Canadian journalist, playwright and novelist

David Macfarlane (born 1952 in Hamilton, Ontario) is a Canadian journalist, playwright and novelist.

His debut novel, 1999's Summer Gone, was shortlisted for the Giller Prize and was a winner of the Books in Canada First Novel Award.

His Newfoundland family memoir, The Danger Tree, (published as Come From Away in the United States) published in 1991, was met with international acclaim.

His most novel The Figures of Beauty, published in 2013, won the Bressani Literary Prize. It was described by The Wall Street Journal as "a moving tale of love, fate, and regret."

David Macfarlane's magazine and newspaper writing has earned him a National Newspaper Award and numerous National Magazine Awards.

His play, "Fishwrap," premiered at the Tarragon Theatre in Toronto.
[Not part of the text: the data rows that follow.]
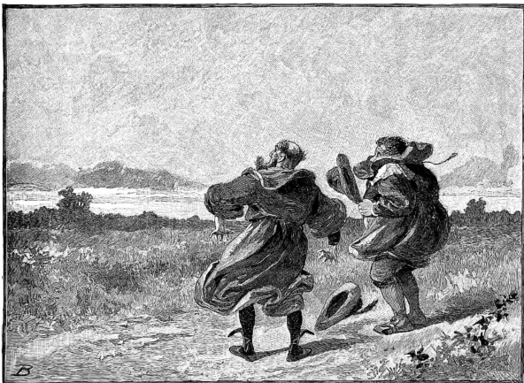
"THE GRIFFIN'S APPEARANCE IN THE AIR CREATED GREAT CONSTERNATION."

"What could I do?" cried the young man. "If I should not bring him he would come him-
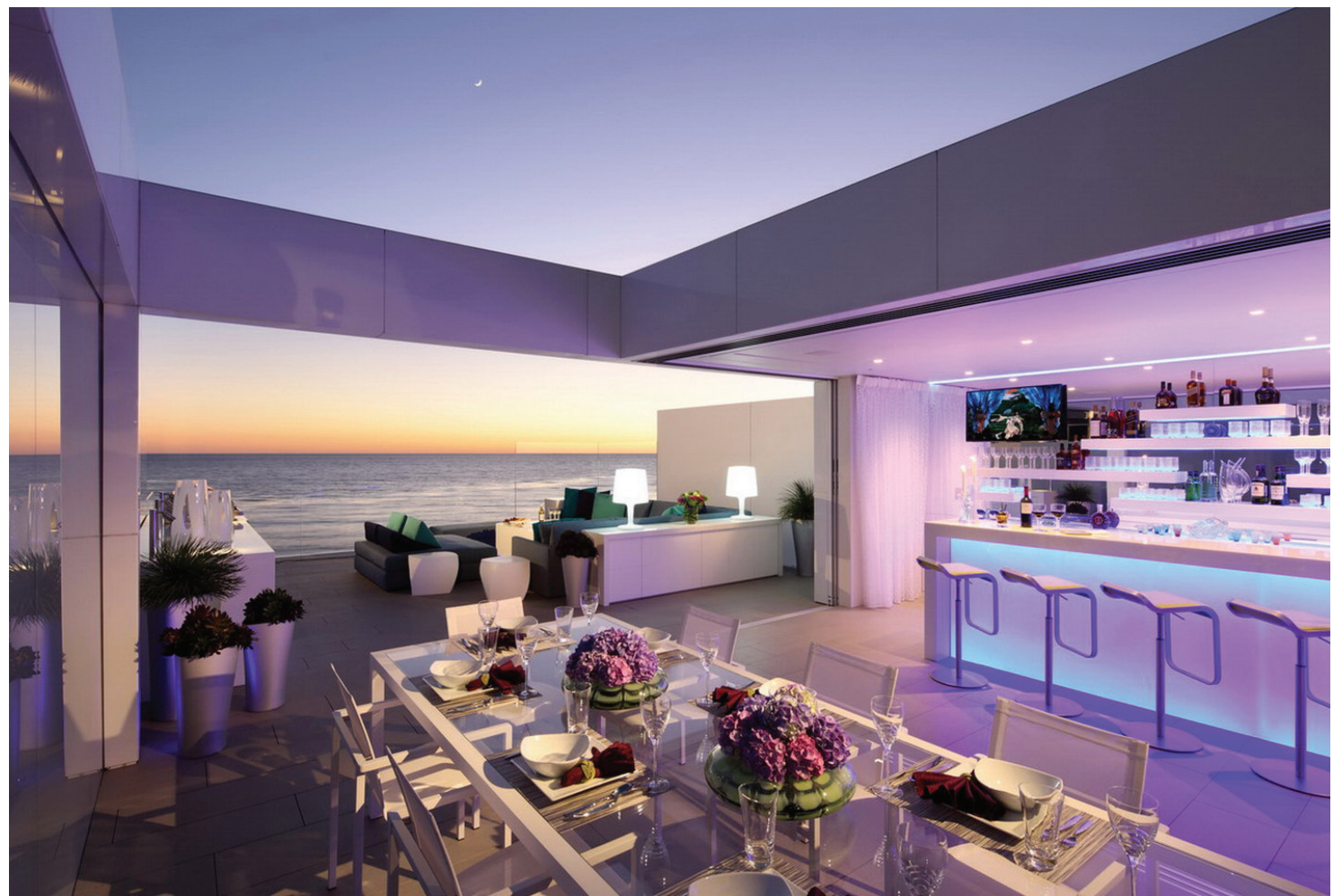
Above: The Sea Level residence, located in Malibu, took home the Merit Award for a Renovated or Restored Project.
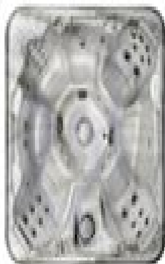
Glacier Mountain+ Marble
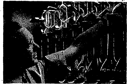
Testing tobacco. Samples from every tobacco-growing area are analyzed before and after purchase. These extensive scientific analyses, along with the expert judgment of Lucky Strike buyers, assure you that the tobacco in Luckies is fine!

Armed with this confidential, scientific information—and their own sound judgment—these men go after finer tobacco. This fine tobacco—together with scientifically controlled manufacturing methods—is your assurance that there is no finer cigarette than Lucky Strike!
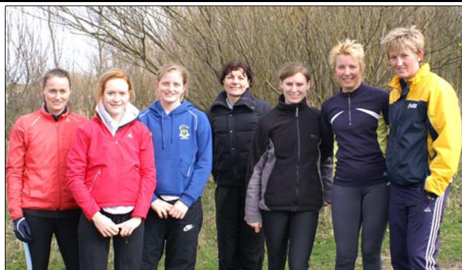
RH Ladies' Squad at Sunderland for the Nprthern 6-stage

On the day the women's team finished 9th, and the men's team 23rd. This is the best result I can remember for the RH ladies, and the 5th consecutive year that the men's team have qualified for the national event. Thanks to all the runners & supporters who turned out on the day

His musical portrait of the city in which he lives, "The Toronto Suite," was performed by the Via Salzburg Ensemble at the Glenn Gould Theatre.

In collaboration with musician Douglas Cameron, Macfarlane has co-created "The Door You Came In" – a two-man performance of music and text based on the stories of The Danger Tree.

Macfarlane was employed as an arts columnist for The Globe and Mail until 2003.

==Works==

- The Danger Tree (1991)
- Summer Gone (1999)
  - in German, transl. Almuth Carstens: Der verlorene Sommer. Goldmann, Munich 2002
- The Figures of Beauty (2013)
- Fishwrap (2005)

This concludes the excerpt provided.